I cut the hose and Frankie groaned. "You were about to overflow anyway," I told the gangster. I turned to Ellis. "Let's talk in private," I said, motioning him over toward the porch. "This dirt needs time to settle."
Ellis joined me and we took the back steps together. "We looked for Darla's pink notebook," he said. "It's gone."
I'd figured that when I saw Marshall's evidence bag. "I don't know what she could have found that would drive a person to murder."
"That's the million-dollar question," he said, rubbing the back of his neck. He suddenly looked very tired. He was polite enough not to mention the stack of Tupperware on my porch as I brushed the dirt from my dress and led him into the kitchen.

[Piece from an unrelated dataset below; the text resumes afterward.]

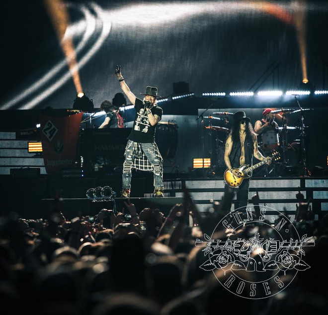 日曜日(6月3日)、ヨーロッパ(ドイツ・ベルリン)で今年初となる<Not In This Lifetime…>公演を開いたガンズ・アンド・ローゼズが、スラッシュとダフ・マッケイガンのバンド、ヴェルヴェット・リヴォルヴァーの「Slither」をプレイした。
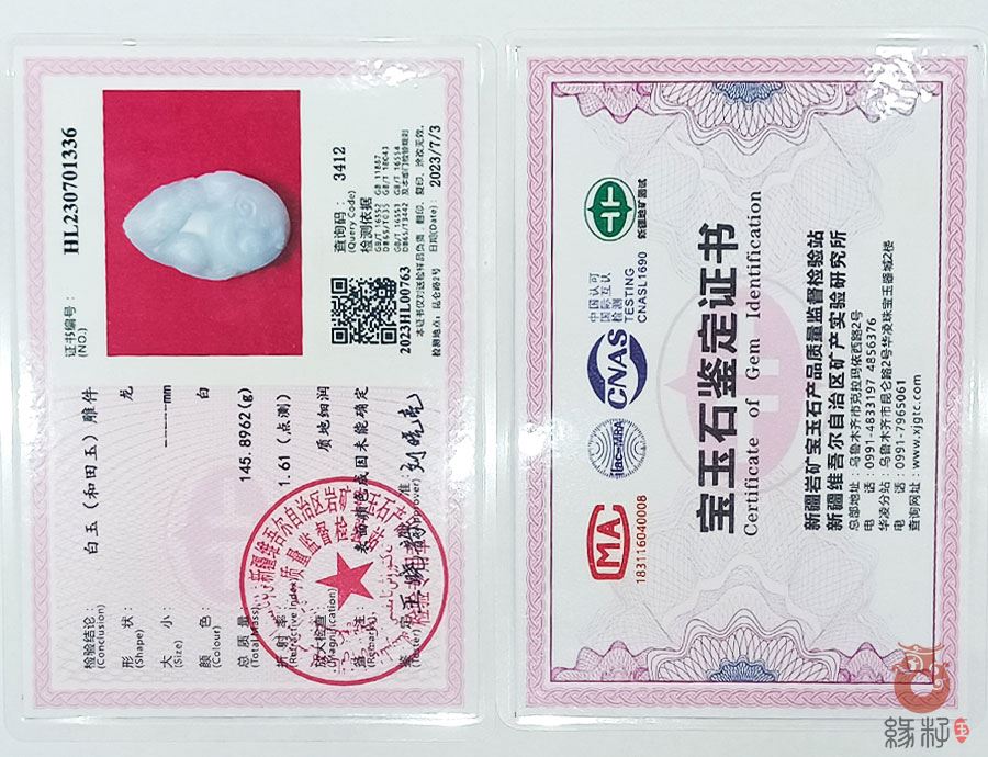 (附:新疆岩矿宝玉石产品质量监督检验站;国家和田玉产品质量监督检验中心样例)

I closed the door, wishing I could offer him a seat and some sweet tea, but I couldn't afford a kitchen set. "Let's sit on the couch," I said, showing him into my back parlor. I now had two pieces of furniture in the room, thanks to an adventure my sister had sent me on last week. Melody's friend had paid me in used furniture after I solved a ghostly mystery in her resale shop. I didn't mind. I loved my new-to-me purple c
ouch. So did Lucy, although right now she was trying to hide under one of the pillows. Her stealth act didn't quite work with her tail sticking out.
"Hi, Lucy," he said, giving her a loving stroke on her flank. She flinched and disappeared completely behind the big pillow. "We had some good times," he said. "Am I that easy to forget?"
"It's not you," I assured him, touched that he cared what my skunk thought of him. "Frankie's getting her stirred up. Lucy doesn't care much for the supernatural, and she's still getting used to his moods."
He nodded. "About last night, the coroner thinks Darla died between three and five in the morning."
My heart sank. "Shortly after she called Melody."
"We'll know more after the autopsy tomorrow morning. Whoever did it also stole the security camera outside. We don't have any witnesses." He paused. "Or at least none that we can talk to."
A flutter began in my stomach. I knew where this was going.
Ellis leaned an arm over the back of the couch. "I need your help, Verity."
Oh my. "This isn't a habit I want to encourage," I said, even if I could talk Frankie into helping me. It took a lot of his strength to show me the other side. "I'm not a professional ghost hunter."
"You're good at it," he pressed.
"I almost got us killed last time." He'd hired me to clear out some ghosts in a property he was renovating. It hadn't exactly gone smoothly. "I've never talked to such a new ghost." I didn't even know if Darla could be found. "And aren't you the one who agreed I shouldn't be doing this?"
He shook his head. "You're right," he conceded. "At some point, this has to stop. But not tonight. We need to know what happened in that library. You don't have to talk to Darla. I'll take any witness you can find. The building has got to be haunted," he said. "I've heard stories since I was a kid."
"Well, of course." Sugarland Library had served as a field hospital during the Civil War. No doubt a few well-loved, long-deceased patrons chose to hang around as well. But that didn't mean I could go in there and start chatting up the local ghost population. "The library has crime-scene tape all over it. I'm not even allowed in there."
Ellis fixed his gaze on me. "It also has a twenty-four-hour police presence, and I'm on the force." Right on cue, his radio squawked. The detective's voice took over the line, yelling at somebody. He flipped it off and stood. "Marshall is serious about protecting his crime scene. But I'm on guard duty this evening."